_DATASET RECORDS_.
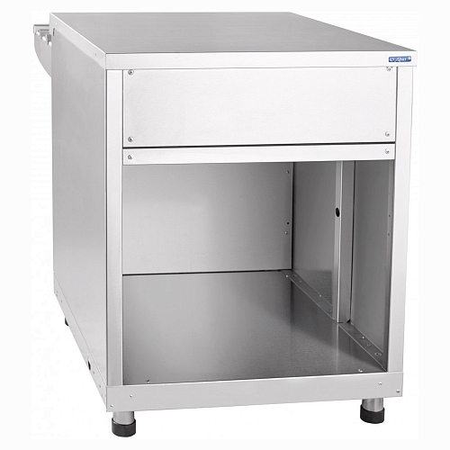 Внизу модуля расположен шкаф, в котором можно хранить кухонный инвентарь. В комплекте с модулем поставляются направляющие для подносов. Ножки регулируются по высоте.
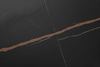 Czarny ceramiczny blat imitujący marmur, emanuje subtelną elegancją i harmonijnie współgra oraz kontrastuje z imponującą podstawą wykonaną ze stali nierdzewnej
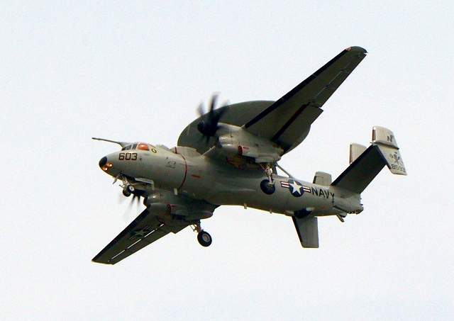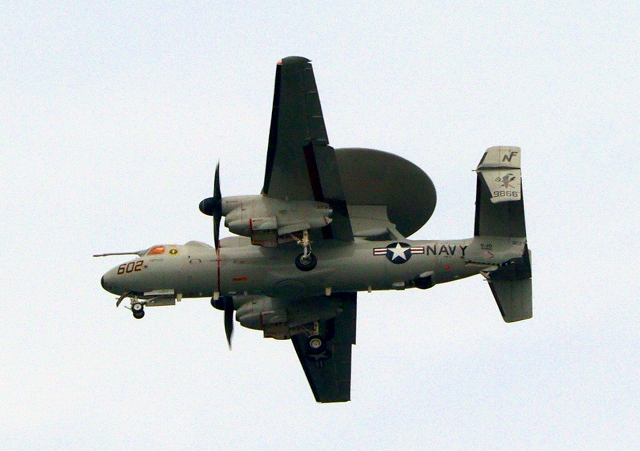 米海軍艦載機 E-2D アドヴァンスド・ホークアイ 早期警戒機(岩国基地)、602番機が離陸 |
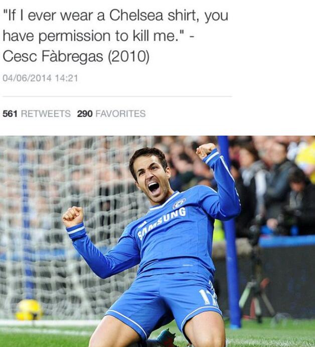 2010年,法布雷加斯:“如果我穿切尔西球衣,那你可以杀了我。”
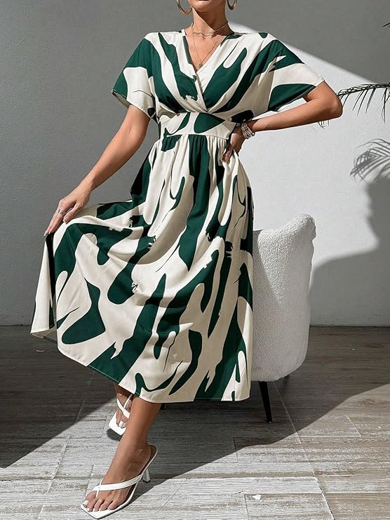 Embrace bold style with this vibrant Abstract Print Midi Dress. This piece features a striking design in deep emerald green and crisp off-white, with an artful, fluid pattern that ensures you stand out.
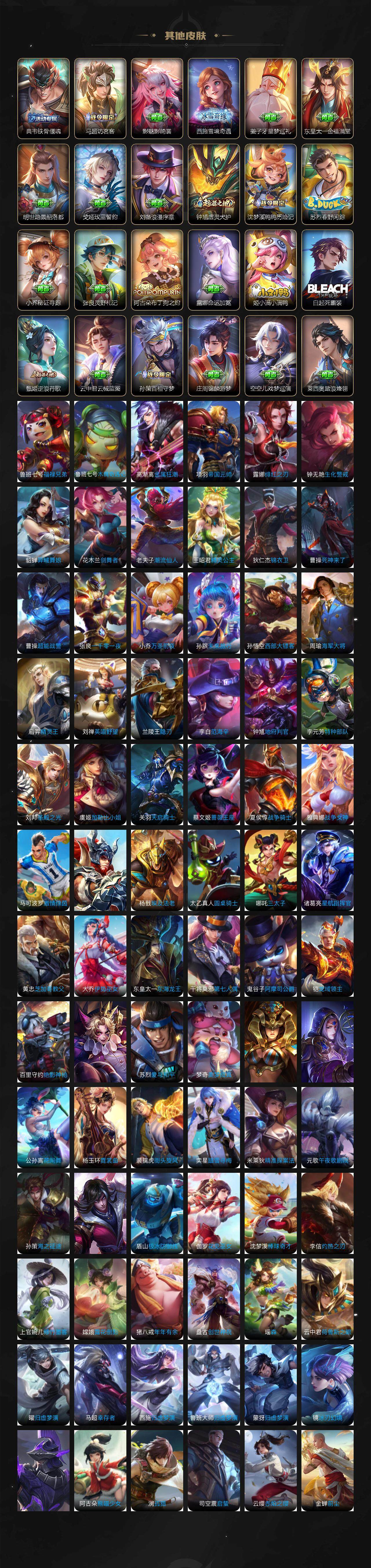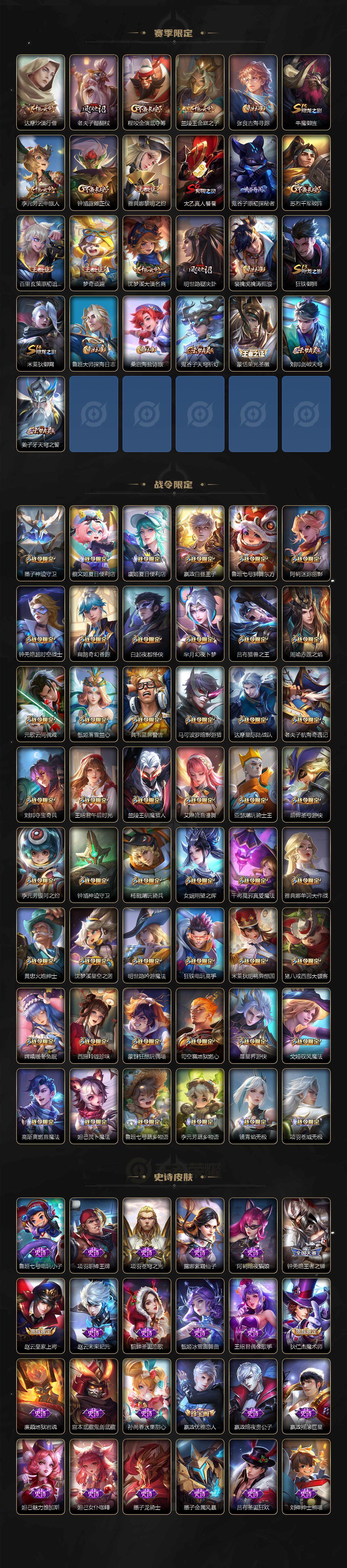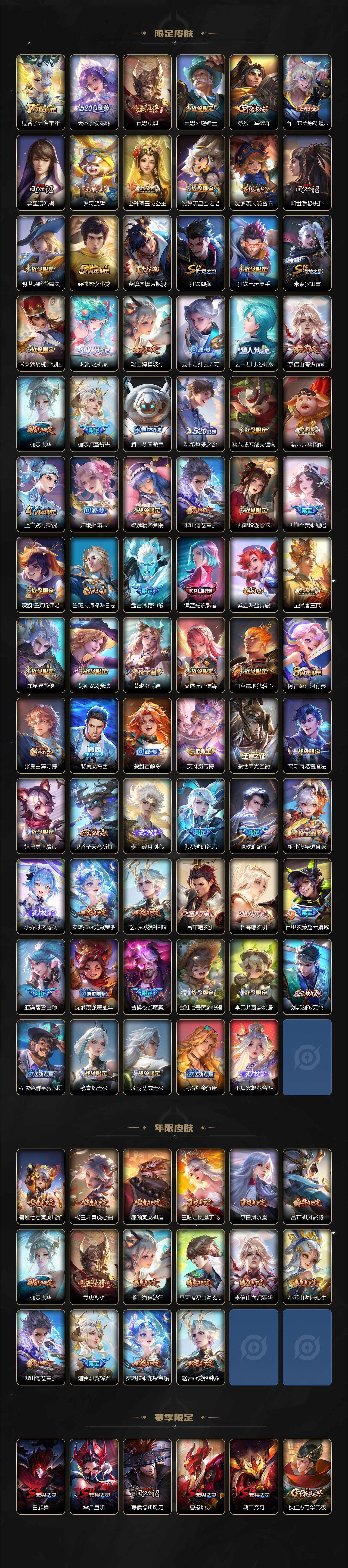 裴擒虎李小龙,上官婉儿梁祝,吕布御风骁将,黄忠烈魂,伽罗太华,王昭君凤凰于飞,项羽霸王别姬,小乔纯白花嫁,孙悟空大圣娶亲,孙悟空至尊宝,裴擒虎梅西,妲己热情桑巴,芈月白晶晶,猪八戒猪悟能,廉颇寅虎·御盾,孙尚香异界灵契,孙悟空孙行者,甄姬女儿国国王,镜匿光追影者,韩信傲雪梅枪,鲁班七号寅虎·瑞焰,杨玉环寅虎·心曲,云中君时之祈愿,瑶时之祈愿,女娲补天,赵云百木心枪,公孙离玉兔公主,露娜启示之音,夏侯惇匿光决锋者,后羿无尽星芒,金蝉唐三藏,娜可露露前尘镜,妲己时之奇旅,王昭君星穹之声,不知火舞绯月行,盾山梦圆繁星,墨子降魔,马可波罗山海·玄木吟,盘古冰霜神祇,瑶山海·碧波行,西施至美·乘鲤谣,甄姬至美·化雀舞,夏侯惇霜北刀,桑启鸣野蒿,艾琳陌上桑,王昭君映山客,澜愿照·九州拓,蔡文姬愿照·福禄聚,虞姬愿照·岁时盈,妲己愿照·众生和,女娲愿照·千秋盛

_INSTRUCTIONS FOR THE TASK_. The expected result is the material restated word for word, minus any picture.

_EXPECTED ANSWER_.
 Внизу модуля расположен шкаф, в котором можно хранить кухонный инвентарь. В комплекте с модулем поставляются направляющие для подносов. Ножки регулируются по высоте.
 Czarny ceramiczny blat imitujący marmur, emanuje subtelną elegancją i harmonijnie współgra oraz kontrastuje z imponującą podstawą wykonaną ze stali nierdzewnej
 米海軍艦載機 E-2D アドヴァンスド・ホークアイ 早期警戒機(岩国基地)、602番機が離陸 |
 2010年,法布雷加斯:“如果我穿切尔西球衣,那你可以杀了我。”
 Embrace bold style with this vibrant Abstract Print Midi Dress. This piece features a striking design in deep emerald green and crisp off-white, with an artful, fluid pattern that ensures you stand out.
 裴擒虎李小龙,上官婉儿梁祝,吕布御风骁将,黄忠烈魂,伽罗太华,王昭君凤凰于飞,项羽霸王别姬,小乔纯白花嫁,孙悟空大圣娶亲,孙悟空至尊宝,裴擒虎梅西,妲己热情桑巴,芈月白晶晶,猪八戒猪悟能,廉颇寅虎·御盾,孙尚香异界灵契,孙悟空孙行者,甄姬女儿国国王,镜匿光追影者,韩信傲雪梅枪,鲁班七号寅虎·瑞焰,杨玉环寅虎·心曲,云中君时之祈愿,瑶时之祈愿,女娲补天,赵云百木心枪,公孙离玉兔公主,露娜启示之音,夏侯惇匿光决锋者,后羿无尽星芒,金蝉唐三藏,娜可露露前尘镜,妲己时之奇旅,王昭君星穹之声,不知火舞绯月行,盾山梦圆繁星,墨子降魔,马可波罗山海·玄木吟,盘古冰霜神祇,瑶山海·碧波行,西施至美·乘鲤谣,甄姬至美·化雀舞,夏侯惇霜北刀,桑启鸣野蒿,艾琳陌上桑,王昭君映山客,澜愿照·九州拓,蔡文姬愿照·福禄聚,虞姬愿照·岁时盈,妲己愿照·众生和,女娲愿照·千秋盛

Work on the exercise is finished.